= Harima Sake Culture Tourism =

Harima Sake Culture Tourism is an activity of the Harima United, which is made up of 12 cities and nine towns. The committee was founded and began as a coordinated collaboration of 7 cities and 8 towns in the Harima region on May 29, 2012, and added 5 cities and 1 town of northern Harima on August 30 of the same year. To promote Harima's regional brand as "Harima: Hometown of Japanese Sake," and communicate Harima's charm to the world, the activity involves running day trips and overnight tours in cooperation with 4 of Harima's regional sake brewery associations.

== Summary ==
To further the promotion of tourism and the local brand commodity, sake, using "Harima: Hometown of Japanese Sake" as a regional brand, starting in September of last year, the Harima Regional Cooperative Committee began "Harima Sake Culture Tourism" with the Harima Sake Culture Tourism Board, made up of 4 of Harima's sake brewery associations, and work to spread information domestically and abroad about Harima, and promote the Harima region.

== Business ==

=== Tourism ===
They hold periodic tours to regional culinary and cultural resources such as Harima's sake breweries and Yamada Nishiki rice fields in cooperation with the Harima Sake Culture Tourism Board (made up of 4 of Harima's sake brewery associations) and local bus travel companies. The first tour to these breweries was held on September 15, 2012, and since then they have continued to hold them about once a month.

=== Project to Strengthen and Rebuild a Tourist Destination with Charm through the Cooperation of Public and Private Sectors ===
Using the "Project to Strengthen and Rebuild a Tourist Destination with Charm through the Cooperation of Public and Private Sectors," which was selected by the Japan Tourism Agency to be a funded project in March 2013, public and private sectors collaborate to entice tourists from Kyoto, Osaka, Kobe, and other large cities through planning of activities such as overnight tours in cooperation with JTB West Japan Inc.

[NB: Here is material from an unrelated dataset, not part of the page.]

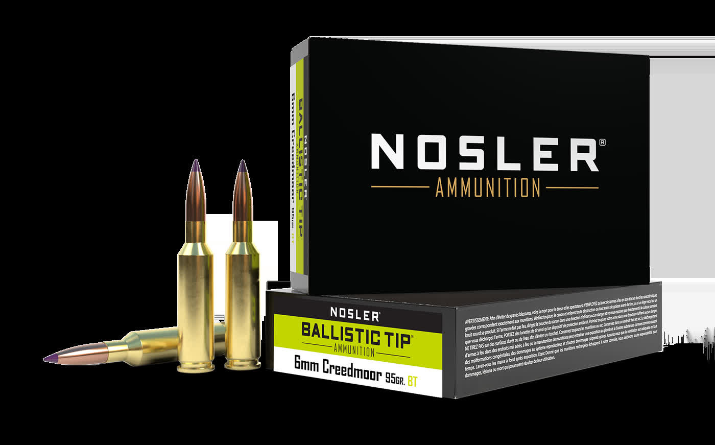 Loaded with a 95gr Spitzer Ballistic Tip® Hunting Bullet and Nosler® Premium Brass

=== Transmission of information ===
They promote the Harima region by sending out information about Harima's sake, both domestically and abroad, through Facebook and their web page.

== Participation breweries ==
22 breweries of the Harima region participate in Harima Sake Culture Tourism.

=== Ibogawa river・Chikusagawa river basin ===
- Honda Shoten(本田商店)
- Yaegaki Shuzou(jp:ヤヱガキ酒造)
- Okufuji Shouji(jp:奥藤商事)
- Simomura Shuzou(下村酒造店)
- Oimatu Shuzou(jp:老松酒造)
- Sanyouhai Shuzou(山陽盃酒造)

=== Yumesaki river・Ichikawa river・Kakogawa river(East Harima) River basin ===
- Tubosaka Shuzou(壷坂酒造)
- Kanzaki Shuzou(神崎酒造)
- Meijou Shuzou(名城酒造)
- Tanaka Shuzoujhou(田中酒造場)
- Nadagiku Shuzoujp:灘菊酒造)
- Izawa Honke(jp:井澤本家)
- Okada Honke(岡田本家)
- King Jhouzou(jp:キング醸造)

=== Kakogawa river(North Harima) River basin ===
- Inami Shuzou(稲見酒造)
- Kamimusubi Shuzou(jp:神結酒造)
- Miyake Shuzou(三宅酒造)
- Fukunishiki(jp:富久錦)
- Akasi Sakerui Jhouzou(jp:明石酒類醸造)
- Eigasaki Shuzou(jp:江井ヶ嶋酒造)
- Ibaraki Shuzou(茨木酒造)
- Nishiumi Shuzou(西海酒造)

== Character "Moririi" ==
To spread the local brand, "Harima: Hometown of Japanese Sake," broadly nationwide, the character "Moririi" was born, whose name comes from the Japanese words to boost (moriageru) the Harima region and fill up the Harima region with fun sake (sakemori).
His hobby is visiting sake breweries and his talent is sake tasting - he can taste the difference between all of Harima's different sakes. Modeled after the feudal lord from the Age of Civil War, Mori Tomonobu(jp:母里友信), his helmet says "Harima", he holds a sake cup in his hand, a bottle of sake that says "Hometown of Japanese Sake" hangs from his back, and he strives to promote the Harima region as a character that is cute, though he is an old man.